Material supplied below:

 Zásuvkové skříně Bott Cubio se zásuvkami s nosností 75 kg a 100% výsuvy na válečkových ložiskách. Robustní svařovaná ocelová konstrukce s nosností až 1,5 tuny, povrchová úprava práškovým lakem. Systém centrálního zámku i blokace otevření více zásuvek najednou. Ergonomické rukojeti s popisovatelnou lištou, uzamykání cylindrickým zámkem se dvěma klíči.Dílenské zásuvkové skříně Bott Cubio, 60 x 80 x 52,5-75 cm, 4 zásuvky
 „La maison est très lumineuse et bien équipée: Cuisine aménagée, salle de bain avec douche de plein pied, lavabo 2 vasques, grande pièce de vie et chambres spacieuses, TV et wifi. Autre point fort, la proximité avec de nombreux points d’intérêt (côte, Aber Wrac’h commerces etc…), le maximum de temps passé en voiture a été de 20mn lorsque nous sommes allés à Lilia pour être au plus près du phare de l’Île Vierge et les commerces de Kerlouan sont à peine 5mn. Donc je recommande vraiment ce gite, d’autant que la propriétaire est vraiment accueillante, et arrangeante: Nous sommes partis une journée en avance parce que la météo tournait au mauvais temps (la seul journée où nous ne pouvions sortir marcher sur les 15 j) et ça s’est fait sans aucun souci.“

End of Material supplied.
Material supplied below:

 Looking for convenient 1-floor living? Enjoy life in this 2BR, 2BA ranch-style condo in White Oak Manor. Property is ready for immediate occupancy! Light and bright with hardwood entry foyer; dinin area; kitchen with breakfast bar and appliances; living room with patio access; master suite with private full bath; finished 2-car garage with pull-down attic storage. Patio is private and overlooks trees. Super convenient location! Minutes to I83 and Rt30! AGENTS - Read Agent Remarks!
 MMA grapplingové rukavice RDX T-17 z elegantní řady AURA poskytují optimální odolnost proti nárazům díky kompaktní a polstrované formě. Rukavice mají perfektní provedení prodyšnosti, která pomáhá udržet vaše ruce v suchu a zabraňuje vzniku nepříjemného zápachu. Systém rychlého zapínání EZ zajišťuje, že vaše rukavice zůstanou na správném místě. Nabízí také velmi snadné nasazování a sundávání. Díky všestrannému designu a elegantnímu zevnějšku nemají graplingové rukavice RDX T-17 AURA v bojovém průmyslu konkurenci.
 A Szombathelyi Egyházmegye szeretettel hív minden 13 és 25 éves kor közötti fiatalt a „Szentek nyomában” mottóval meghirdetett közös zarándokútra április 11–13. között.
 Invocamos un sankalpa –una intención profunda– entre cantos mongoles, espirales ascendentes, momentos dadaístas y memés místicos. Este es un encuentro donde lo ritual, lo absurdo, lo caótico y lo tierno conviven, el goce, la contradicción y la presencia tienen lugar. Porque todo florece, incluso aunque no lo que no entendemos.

End of Material supplied.
Material supplied below:

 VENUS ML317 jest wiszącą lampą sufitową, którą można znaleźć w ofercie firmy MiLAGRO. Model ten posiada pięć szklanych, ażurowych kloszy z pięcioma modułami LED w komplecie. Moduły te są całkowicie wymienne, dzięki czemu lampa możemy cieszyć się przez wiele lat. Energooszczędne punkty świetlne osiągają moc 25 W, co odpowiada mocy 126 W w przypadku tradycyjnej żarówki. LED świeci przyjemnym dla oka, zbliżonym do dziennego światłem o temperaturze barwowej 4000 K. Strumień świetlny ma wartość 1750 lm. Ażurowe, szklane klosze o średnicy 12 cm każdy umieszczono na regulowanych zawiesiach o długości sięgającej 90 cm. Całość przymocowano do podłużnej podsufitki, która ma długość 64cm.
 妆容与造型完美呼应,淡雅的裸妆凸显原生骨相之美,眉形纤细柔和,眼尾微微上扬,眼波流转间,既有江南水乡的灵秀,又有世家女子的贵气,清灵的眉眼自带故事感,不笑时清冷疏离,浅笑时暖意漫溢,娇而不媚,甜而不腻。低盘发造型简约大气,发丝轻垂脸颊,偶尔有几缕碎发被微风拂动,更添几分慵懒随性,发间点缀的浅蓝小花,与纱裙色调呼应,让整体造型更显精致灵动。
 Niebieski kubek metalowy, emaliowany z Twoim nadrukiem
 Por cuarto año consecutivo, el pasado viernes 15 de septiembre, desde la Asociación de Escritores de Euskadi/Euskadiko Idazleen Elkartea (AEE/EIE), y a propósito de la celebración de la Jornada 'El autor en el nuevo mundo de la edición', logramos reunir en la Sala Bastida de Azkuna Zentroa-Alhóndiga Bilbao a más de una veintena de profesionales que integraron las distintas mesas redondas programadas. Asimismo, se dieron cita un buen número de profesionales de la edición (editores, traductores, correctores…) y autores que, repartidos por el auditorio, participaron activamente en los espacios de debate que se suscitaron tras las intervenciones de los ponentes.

End of Material supplied.

### What this task involves
Look through the entries above and find each line where the word "Systém" occurs; copy those lines.

### Exercise response
 Zásuvkové skříně Bott Cubio se zásuvkami s nosností 75 kg a 100% výsuvy na válečkových ložiskách. Robustní svařovaná ocelová konstrukce s nosností až 1,5 tuny, povrchová úprava práškovým lakem. Systém centrálního zámku i blokace otevření více zásuvek najednou. Ergonomické rukojeti s popisovatelnou lištou, uzamykání cylindrickým zámkem se dvěma klíči.Dílenské zásuvkové skříně Bott Cubio, 60 x 80 x 52,5-75 cm, 4 zásuvky
 MMA grapplingové rukavice RDX T-17 z elegantní řady AURA poskytují optimální odolnost proti nárazům díky kompaktní a polstrované formě. Rukavice mají perfektní provedení prodyšnosti, která pomáhá udržet vaše ruce v suchu a zabraňuje vzniku nepříjemného zápachu. Systém rychlého zapínání EZ zajišťuje, že vaše rukavice zůstanou na správném místě. Nabízí také velmi snadné nasazování a sundávání. Díky všestrannému designu a elegantnímu zevnějšku nemají graplingové rukavice RDX T-17 AURA v bojovém průmyslu konkurenci.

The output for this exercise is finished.